[[ Data in this exercise open ]]

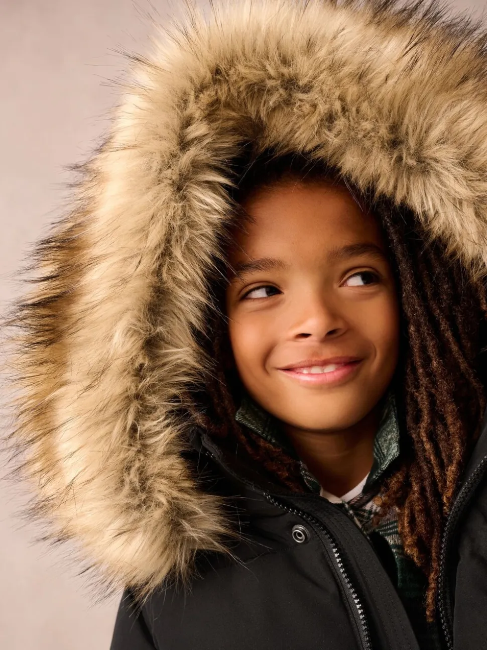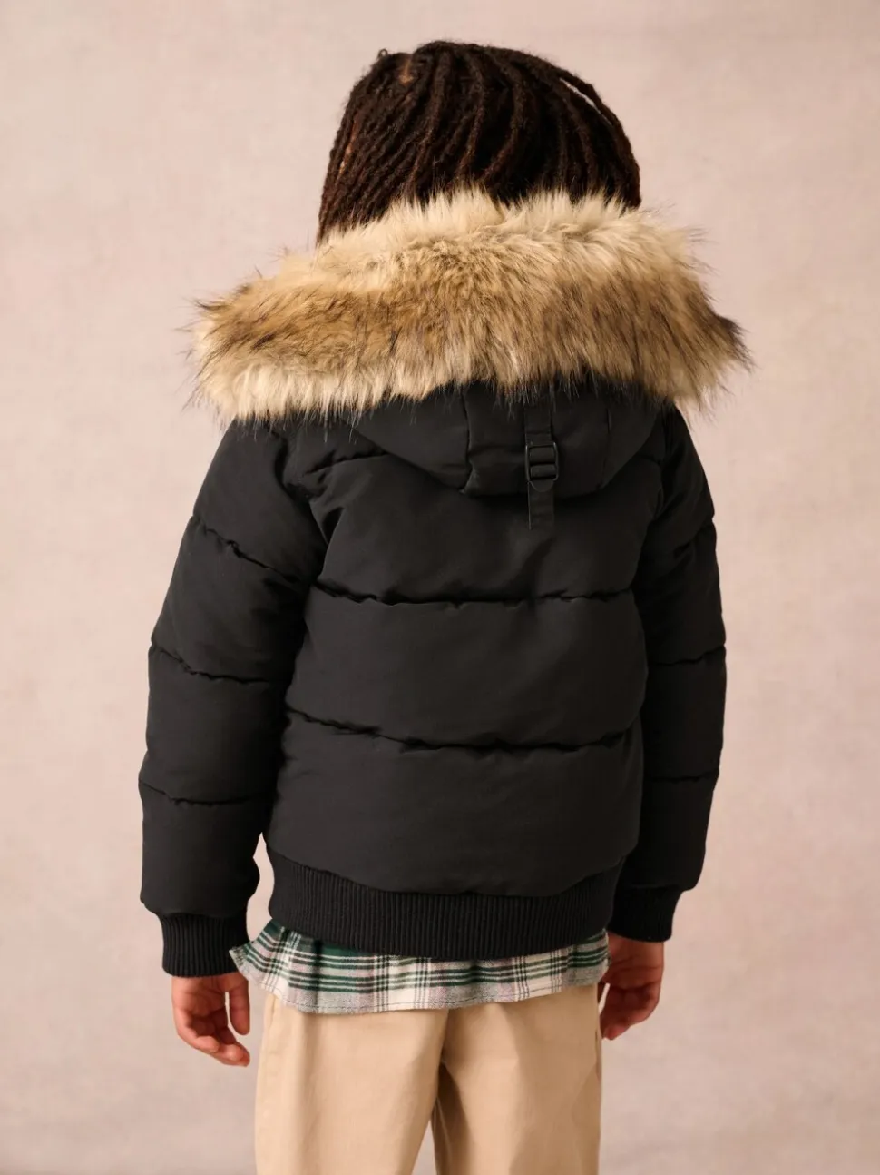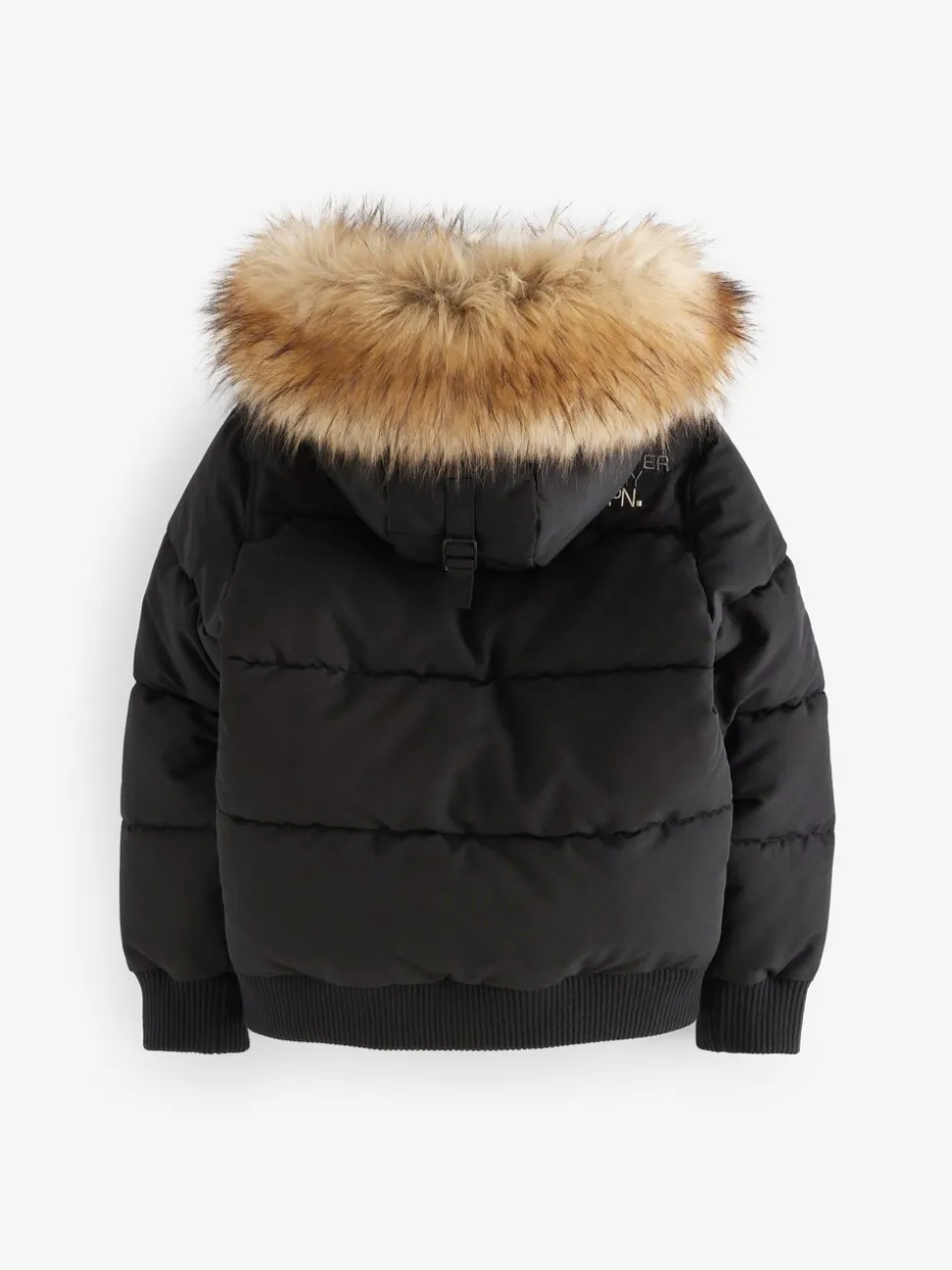 Lavable en machine. Extérieur 100% polyester. Doublure du corps 100% nylon. Doublure de la capuche 100% de polyester. Fourrure artificielle 48% Modacrylique, 43% acrylique, 9% polyester. Côtes 98% polyester, 2% élasthanne. Garnissage 100% polyester.
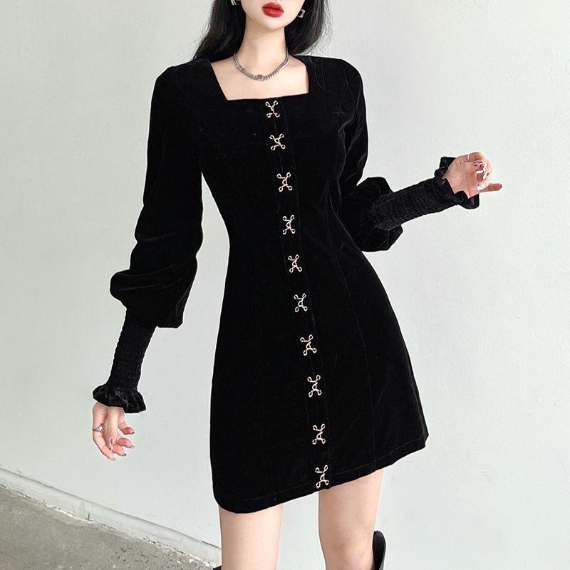Черное облегающее платье с завязками, осеннее базовое бархатное мини-платье с длинными рукавами, женские облегающие повседневные зимние модные платья M чёрный
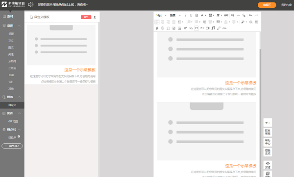 素材進(jìn)入右邊的編輯框,有的需要更改素材里面的內(nèi)容,點(diǎn)擊素材上面的文字,就可以直接編輯了,把你需要的文字編輯到素材上面。有的素材是不能編輯的。
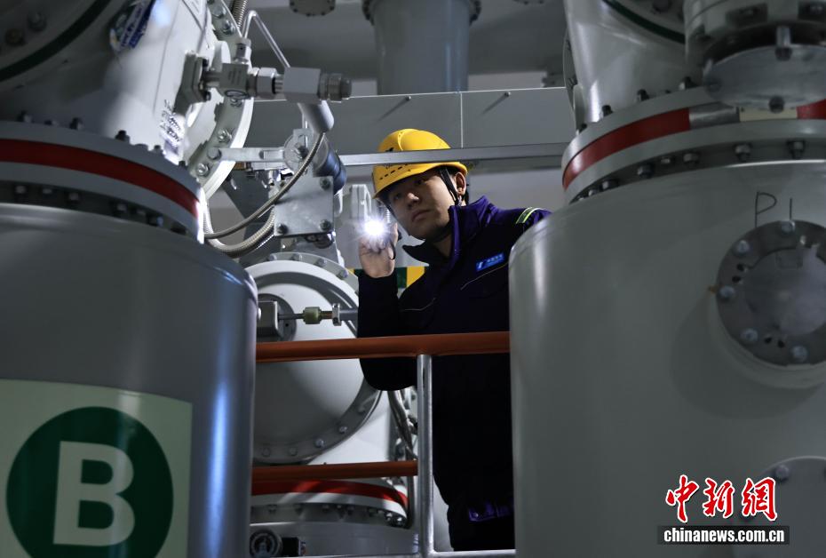 12月27日,中國在建海拔最高雙曲拱壩電站——葉巴灘水電站首批機(jī)組正式投產(chǎn)發(fā)電。葉巴灘水電站位于四川省甘孜州白玉縣與西藏自治區(qū)貢覺縣交界的金沙江干流上。水電站總裝機(jī)容量224萬千瓦,此次首批投產(chǎn)發(fā)電的機(jī)組為4號(hào)和3號(hào)機(jī)組。圖為12月24日,值班員在GIS巡視檢查。中新社記者 王磊 攝
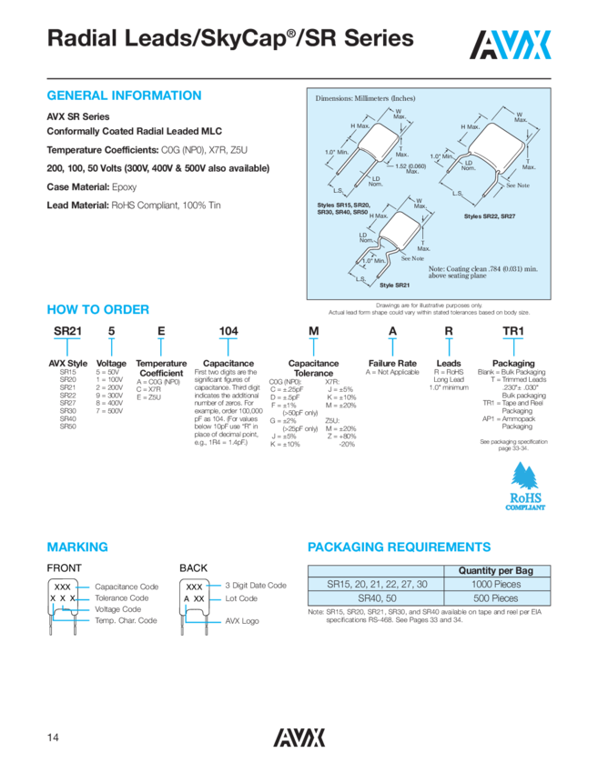 Cap Ceramic 39pF 200V C0G 2% Radial 2.54mm 125°C T/R

[[ Data in this exercise closed ]]

Retype all of the entries exactly as written, leaving out any images.

**Answer below:**
 Lavable en machine. Extérieur 100% polyester. Doublure du corps 100% nylon. Doublure de la capuche 100% de polyester. Fourrure artificielle 48% Modacrylique, 43% acrylique, 9% polyester. Côtes 98% polyester, 2% élasthanne. Garnissage 100% polyester.
Черное облегающее платье с завязками, осеннее базовое бархатное мини-платье с длинными рукавами, женские облегающие повседневные зимние модные платья M чёрный
 素材進(jìn)入右邊的編輯框,有的需要更改素材里面的內(nèi)容,點(diǎn)擊素材上面的文字,就可以直接編輯了,把你需要的文字編輯到素材上面。有的素材是不能編輯的。
 12月27日,中國在建海拔最高雙曲拱壩電站——葉巴灘水電站首批機(jī)組正式投產(chǎn)發(fā)電。葉巴灘水電站位于四川省甘孜州白玉縣與西藏自治區(qū)貢覺縣交界的金沙江干流上。水電站總裝機(jī)容量224萬千瓦,此次首批投產(chǎn)發(fā)電的機(jī)組為4號(hào)和3號(hào)機(jī)組。圖為12月24日,值班員在GIS巡視檢查。中新社記者 王磊 攝
 Cap Ceramic 39pF 200V C0G 2% Radial 2.54mm 125°C T/R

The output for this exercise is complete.